The number of legal documents is rapidly growing and most of them are available in digital format. These documents are often the basis of a legal expert’s daily work. He often needs to find certain documents, but cannot oversee the huge amount of data without computer aid. The starting point of such a search is frequently an already found document.
Therefore, this thesis provides a prototypical implementation of a relatedness search for legal documents. Beforehand different approaches to identify similarity in texts are discussed by looking at related work and their approaches. These approaches use various techniques from natural language processing and machine learning. They differ in complexity and underlying models.
To ease the effort of implementation, a concept for the architecture of the similarity search is developed.
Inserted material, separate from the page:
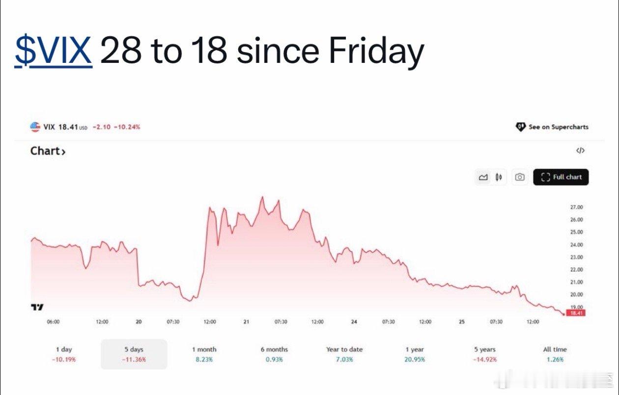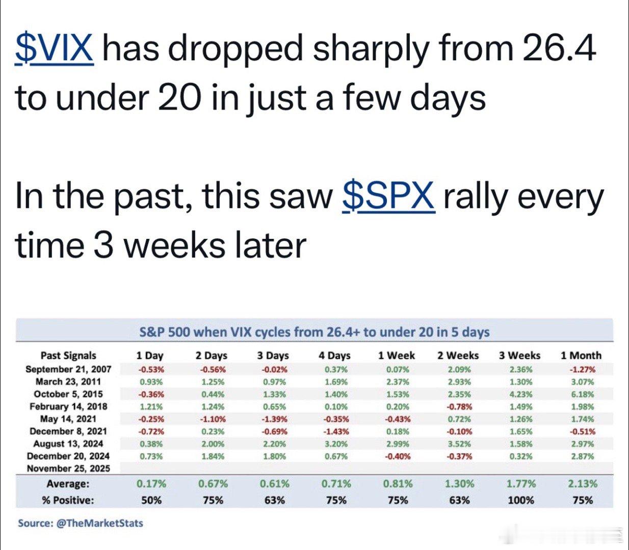 美股“恐慌指数”,连续三个交易日下降⬇️历史上,出现同样情况时,三周后,标普500都在涨,平均📈1.77%

The main goal of the architecture is to allow adding further similarity methods as easily as possible. Also approaches for persistence and visualization are described in this thesis.
Three of the techniques discussed in the literature review are prototypically implemented. Additionally, a similarity search provided by the database elasticsearch is integrated as further point of reference. The described concepts for architecture, persistence and visualization are also realized.
After the implementation is done, the results provided by the different similarity methods are assessed. This is done via a questionnaire, in which the participants rank the search results according their relevance towards a source document. Based on these relevance rankings the performances of the relatedness methods are compared.
In the end a summary of the findings of this thesis is given. Also starting points for further research in this field are shortly mentioned.